SAN FRANCISCO, Calif. (KRON) — You never really know what you’re going to get when you fly off on a rescue mission. I was told there would be two dogs suffering from mange, something I knew very little about. On the ground in Porterville in Tulare County, it was quickly apparent that this nasty skin disease can cause great suffering.
A pit bull named Wally had a red rash showing through his white coat. A little terrier named JR was still in his crate and his injuries weren’t as clear. We loaded them up at took off, aiming the plane back to the Bay Area where they would get treatment. A little puppy was also on the trip. He would be dropped off at his rescue along the way.

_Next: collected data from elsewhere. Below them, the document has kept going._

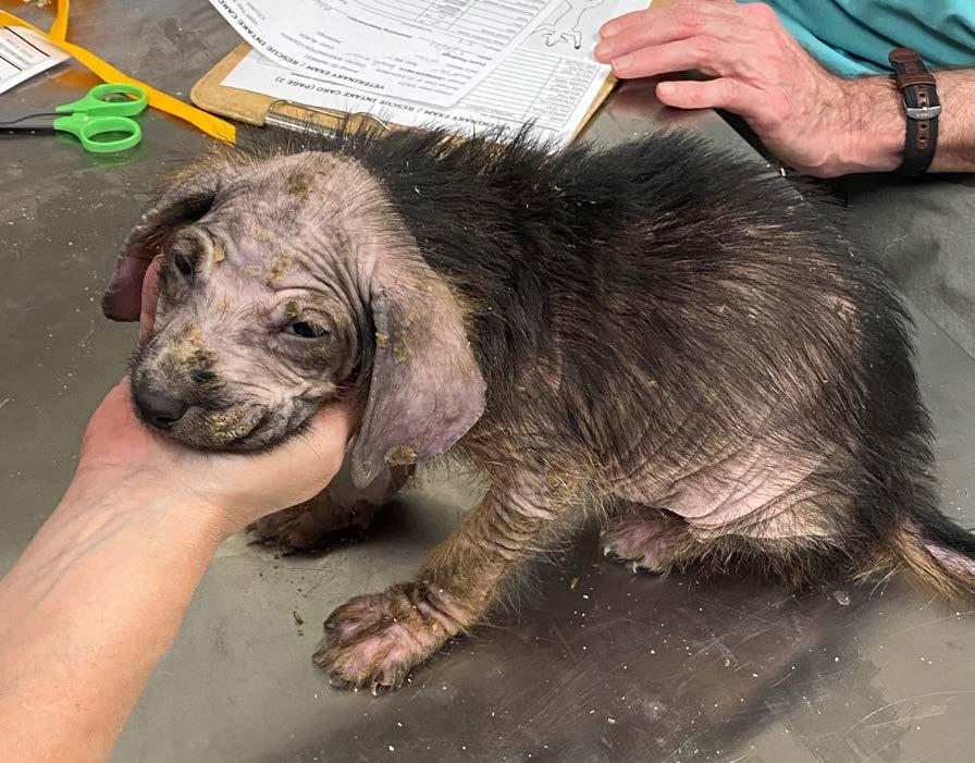 Just two days later, 13 dogs were rescued from unconscionable neglect. All had sarcoptic mange, a highly contagious disease caused by mites burrowing through the dogs’ skin resulting in unrelenting itching, infection, and hair loss. These dogs were suffering horribly.
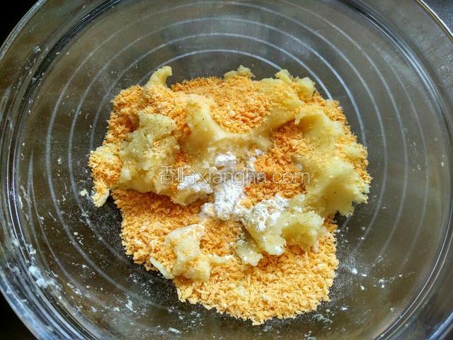 4.土豆泥中放入1勺糯米粉,适量盐和少许胡椒粉,再撒入适量面包糠。
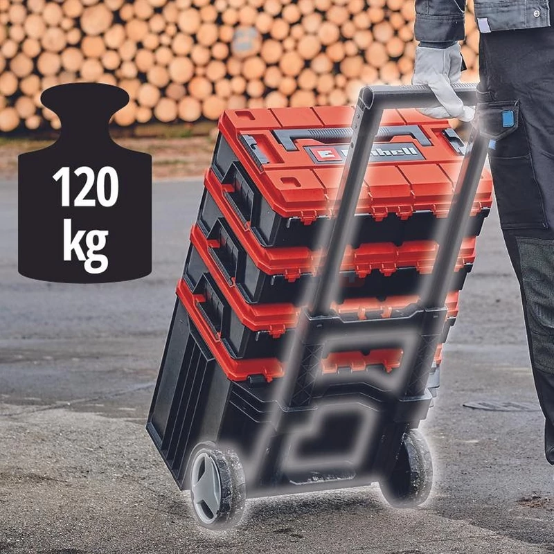 A szerszámgépek szállítására és tárolására tervezett Einhell E-Case L a moduláris E-Case rendszercsalád tagja. Az egymásra helyezett koffereket egymáshoz rögzítheti a praktikus zárrendszer segítségével, így az Einhell koncepciója helytakarékos, biztonságos és rendezett tárolást tesz lehetővé. A rendkívül masszív hő- és ütésálló koffer polipropilénből készült. A stabil konstrukció révén akár 120 kg összterhet is tárolhat benne. A kihúzható és extra széles markolatnak köszönhetően rendkívül egyszerű a szerszámgépek tárolása és szállítása. A nagy kerekek könnyű mozgatást tesznek lehetővé, bármilyen felületen húzza is a koffereket. Az intelligens kialakításnak köszönhetően a koffer fröccsenő víz ellen védett, így a viszontagságos időjárás sem árthat neki A maximális kényelemről a rögzíthető fogantyú gondoskodik, melynek segítségével sokkal könnyebben kiveheti pl. a koffert a csomagtartóból. A lopások és visszaélések megelőzése érdekében az E-Case L koffer lakattal is zárható. A gyári csomagolás tartalmaz egy szerszámgépekhez használható, kivehető betétet, valamint feliratozható címkét, amelyen jelölheti a koffer tartalmát.
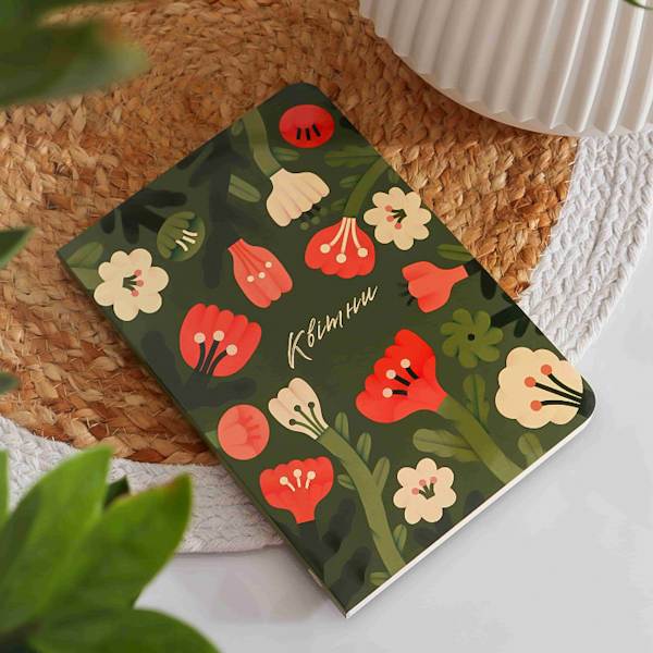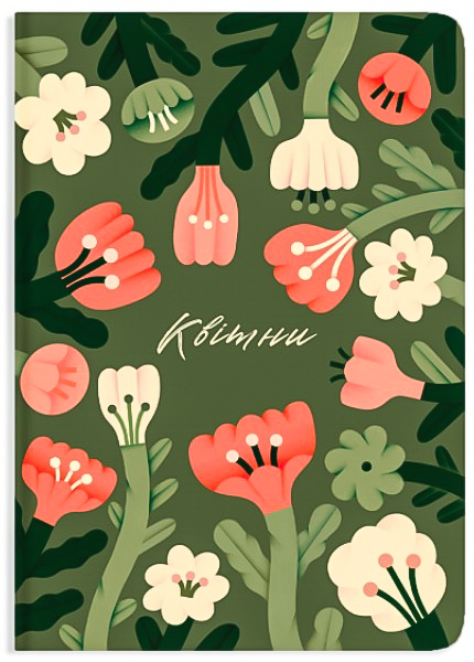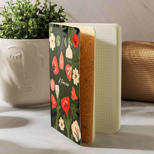 Блокнот у клітинку від українського бренду Gifty. Яскраві фарби ілюстрацій на однотонному темно-зеленому тлі, створені художницею Альбіною Колесніченко. Вони надихають, живо передаючи колоритний образ ніжних квітів, які заради життя здатні прориватися скрізь асфальт або квітнути серед холодних гірських схилів.
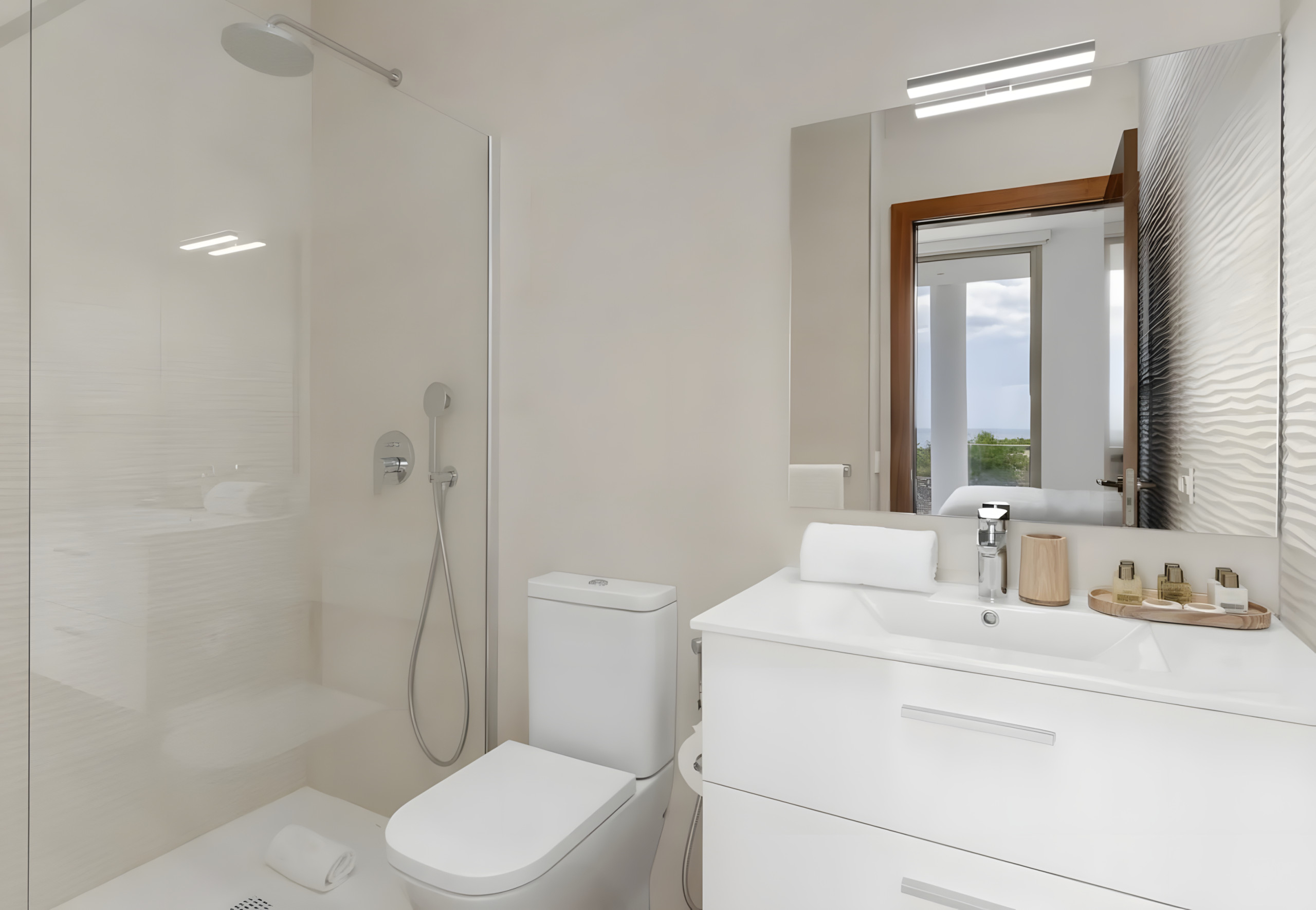 Go up and discover a private oasis: three rooms full of calm and elegance, two of them en suite. The main bedroom offers you a movie-style dressing room and a terrace with a jacuzzi, perfect for watching the sun set behind the sea, drink in hand.

As we settled at our cruise altitude, Wally the pit bull seemed relaxed but little JR was scratching every time I turned around.
An hour or so later we’re on the ground in Petaluma where I was met by Shirley Zindler from Dogwood Animal Rescue Project of Sebastopol.

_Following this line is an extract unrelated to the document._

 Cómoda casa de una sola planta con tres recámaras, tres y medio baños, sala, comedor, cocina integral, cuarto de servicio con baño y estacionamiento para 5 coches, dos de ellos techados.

We tried to coax JE out of his crate. He yelped in pain.
Even his buddy Wally seemed to want to help. We got our first good luck at the JR’s condition.
He looked awful. I don’t have a lot of experience with this. But it’s the worst mange I’ve ever seen.

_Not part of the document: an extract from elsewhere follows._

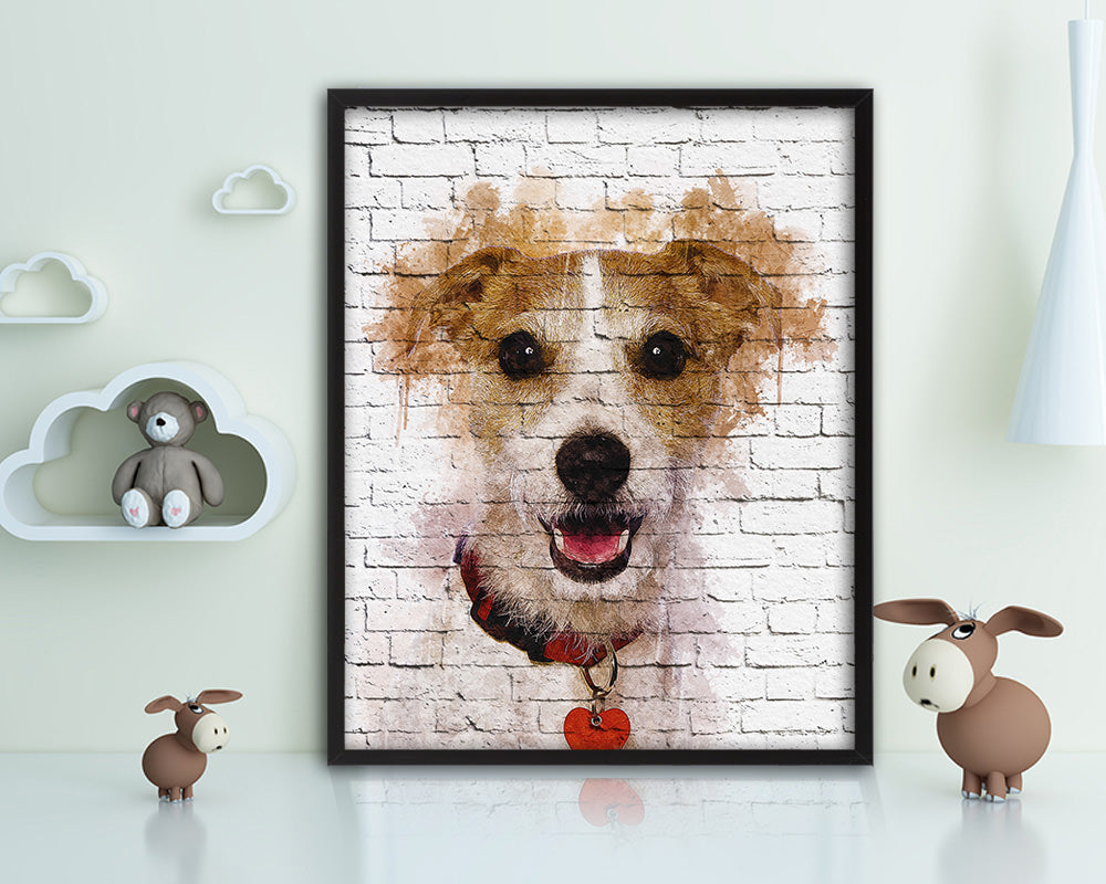 Jack Russell Terrier Dog Puppy Portrait Framed Print Pet Watercolor Wall Decor Art Gifts
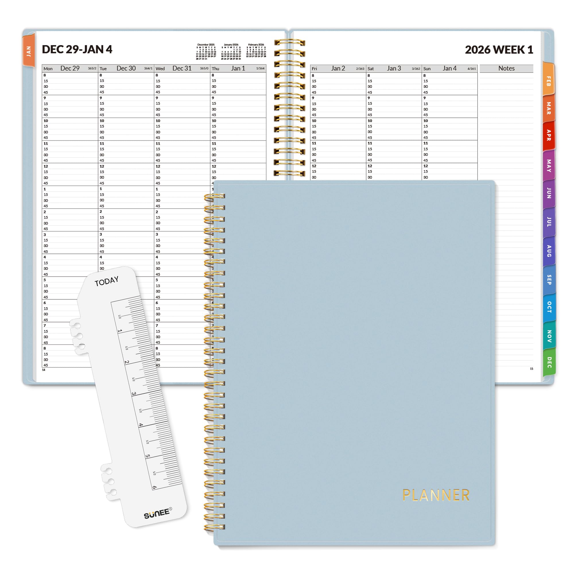 SUNEE 2026 Appointment Planner 15-Minute Time Block – Weekly & Monthly Spiral Organizer with Note Section – Thick Paper, Lay-Flat Bound – 8.5 x 11 for Office, School, Salon, Men & Women, Gray Blue

Shirley Zindler responded, “It’s not the worst, the worst that we’ve seen.”
Indeed, poor little JR had scratched himself raw.
Zindler explained their situation: “The two dogs came to us with Sarcoptic mange. That’s the contagious type that other animals can get and it can actually cause a rash in people. We have to be very careful about handling and treating initially. “
Mites burrow into the dog’s skin, leading to incessant itching.
“The little one, JR, screamed all the way home,” Zindler explained. “I mean he just screamed in discomfort, pain, itchiness, scratching frantically til he bled. His skin was even too raw to bathe initially. So we started immediately the treatment to kill the mites and within a day or two and we also started some anti itch medication for his comfort and pain meds.”
But over time things got much better.
After a day or two Wally and JR were both able to tolerate baths. They still had to be isolated from the other dogs at the rescue.
“They’re both real cuddly dogs so they wanted to be close and we want to embrace them but we’re avoiding close contact. “
Once the pain and itchiness eased, Zindler says the dogs began to show their true personalities.
“Wally the pit bull was always, he loves everybody. He thinks the world’s a beautiful place it was just pretty itchy for awhile. They are doing fabulous. They basically look perfect. JR has, you wouldn’t know anything was wrong. He’s got a beautiful coat of hair. He’s lovely. Wally’s got just a little bit of scarring visible over his back, which considering he’s white and short hair you’re gonna see that a little more. They feel great. “
They’re now both with new families who adopted them and pamper and care for them the way they deserve to be.
And despite their rough start, Zindler says the previous owners did the right thing.
“There’s no deliberate harm meant to these dogs. Their owners actually cared for them very much but they have no money. I mean, no money to seek even veterinary treatment. They reached out for rescue. They wanted help and that’s what we offered and they were aware they weren’t able to care for these dogs and.. they wanted what was best for the dogs and realized they couldn’t offer that.”
Two more dogs who have new homes. Two more families with new companions. Two fewer dogs left suffering.
But more are out there and that means more flights to come.